### HOW TO COMPLETE THIS TASK
Where the line containing "Enthousiast stroopten de" appears, start repeating, and continue exactly through the last line below, adding nothing. Include no pictures.

### DATA SEGMENT

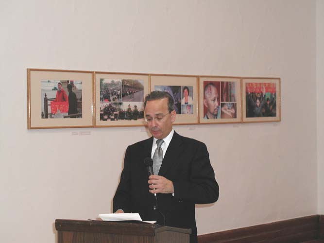 “法轮功之友”执行主任阿兰.艾德勒先生在开幕式上呼吁知道法轮功真相的人们,再告诉家人、朋友,把法轮功真相传播开,并希望所有善良的人们能够帮助制止这场正在发生的法西斯大屠杀,绝不允许邪恶在这个世界上肆无忌惮地逞凶。阿兰.艾德勒先生用“真实”这个词形容他观看这些照片时的感受,他说:“这些照片反映了在中国的法轮功学员的真实遭遇。我知道看这些照片令人很难受,没有人愿意看到男女老少被打得几乎无法辨认,但我们必须面对事实,因为这是真实的。看这些照片就象过去看法西斯大屠杀时的照片一样的感觉。”
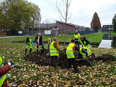 Enthousiast stroopten de kinderen uit de groepen 6 hun mouwen op om de bomen te planten.
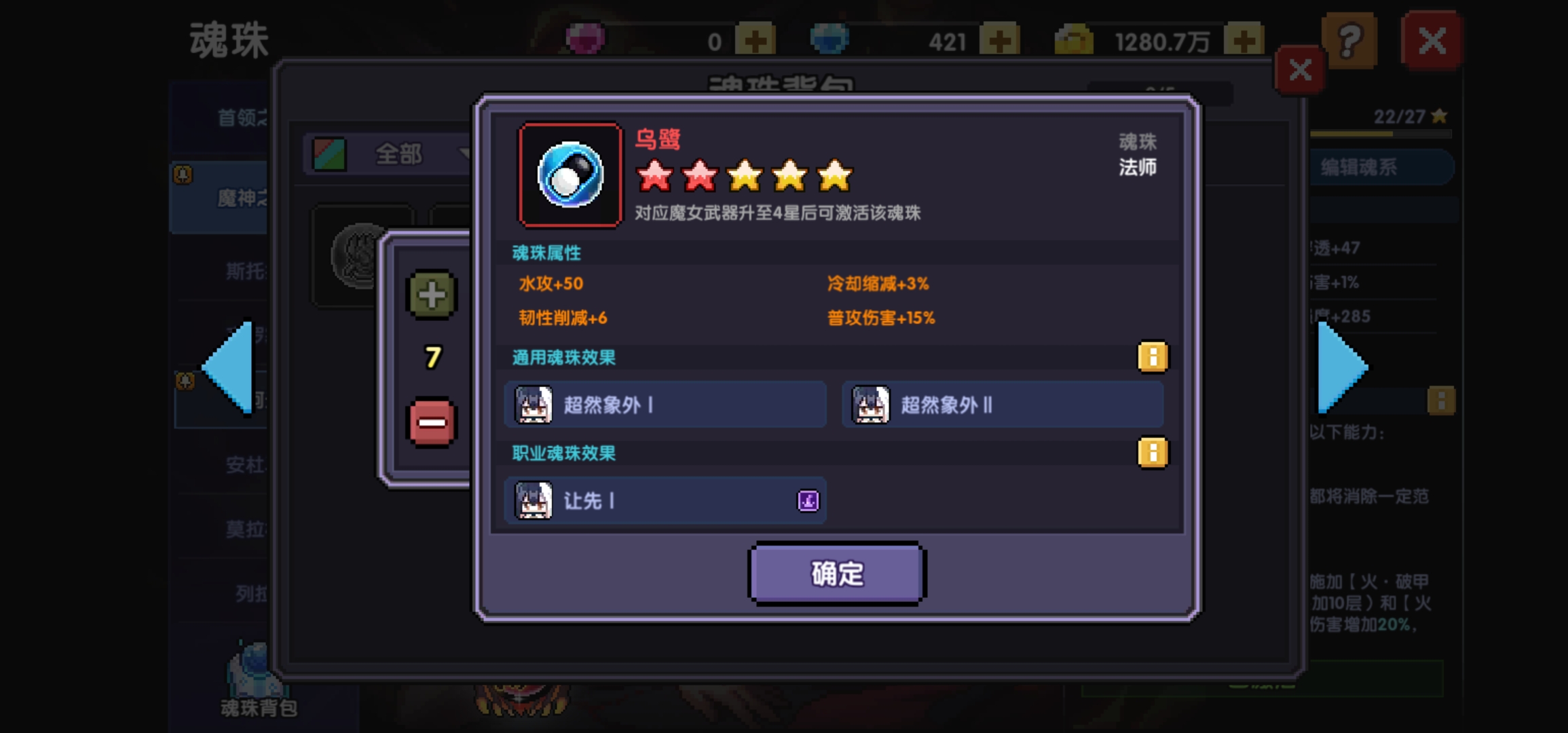 当前魔女魂珠做好后就要考虑重要的一点——魂珠属性

### ANSWER BELOW
 Enthousiast stroopten de kinderen uit de groepen 6 hun mouwen op om de bomen te planten.
 当前魔女魂珠做好后就要考虑重要的一点——魂珠属性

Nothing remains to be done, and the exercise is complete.